___ The data ___

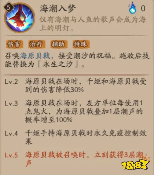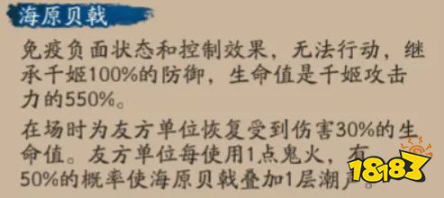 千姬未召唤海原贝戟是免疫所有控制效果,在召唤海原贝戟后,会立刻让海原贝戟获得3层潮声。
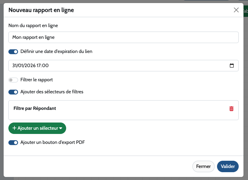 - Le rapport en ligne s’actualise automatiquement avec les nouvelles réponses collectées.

___
___ The data ___

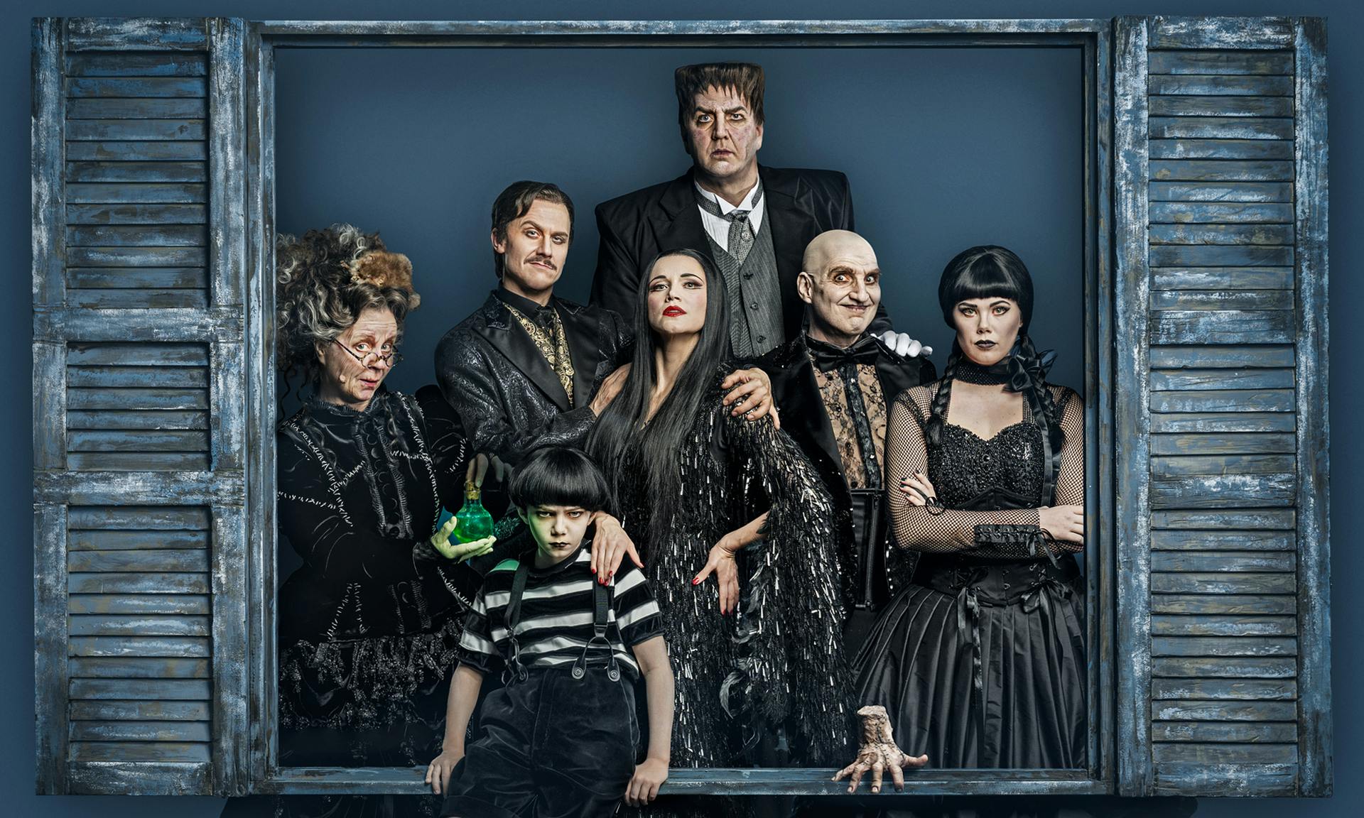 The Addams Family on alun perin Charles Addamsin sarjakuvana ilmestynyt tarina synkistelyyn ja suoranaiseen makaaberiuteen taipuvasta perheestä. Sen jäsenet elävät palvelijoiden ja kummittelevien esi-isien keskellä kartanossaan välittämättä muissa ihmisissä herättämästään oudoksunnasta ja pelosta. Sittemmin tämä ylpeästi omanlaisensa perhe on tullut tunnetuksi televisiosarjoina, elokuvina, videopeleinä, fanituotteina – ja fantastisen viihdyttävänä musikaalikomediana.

___

# Exercise directions
Only the lines above starting with the line with "千姬未召唤海原贝戟是免疫所有" and going on through the line with "- Le rapport" belong in the answer; repeat them exactly, minus any picture.

# Result below
 千姬未召唤海原贝戟是免疫所有控制效果,在召唤海原贝戟后,会立刻让海原贝戟获得3层潮声。
 - Le rapport en ligne s’actualise automatiquement avec les nouvelles réponses collectées.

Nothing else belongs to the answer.